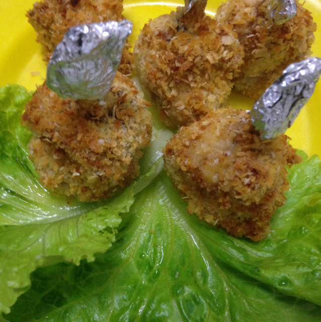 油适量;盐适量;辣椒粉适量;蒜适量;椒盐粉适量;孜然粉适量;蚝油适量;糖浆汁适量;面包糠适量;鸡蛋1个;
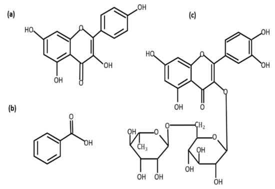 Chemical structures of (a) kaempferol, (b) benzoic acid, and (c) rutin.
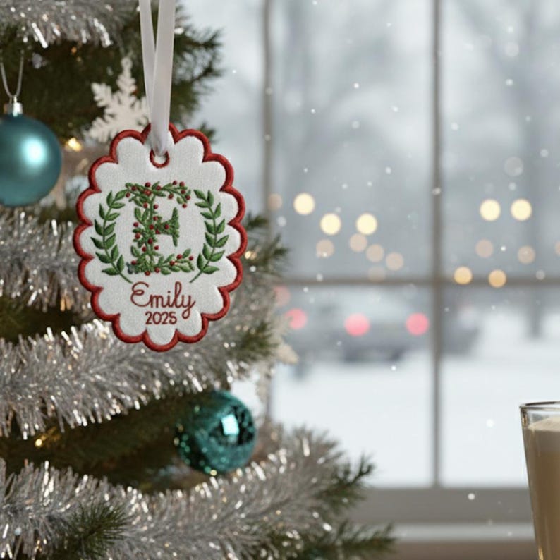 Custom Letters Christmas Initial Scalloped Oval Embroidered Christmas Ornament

...

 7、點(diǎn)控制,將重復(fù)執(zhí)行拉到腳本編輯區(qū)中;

What is needed: Since the pictures are not part of the copy, please transcribe only the lines above from the one with "Chemical structures of" through the one with "Custom Letters Christmas", exactly and with both ends.

Expected answer:
 Chemical structures of (a) kaempferol, (b) benzoic acid, and (c) rutin.
 Custom Letters Christmas Initial Scalloped Oval Embroidered Christmas Ornament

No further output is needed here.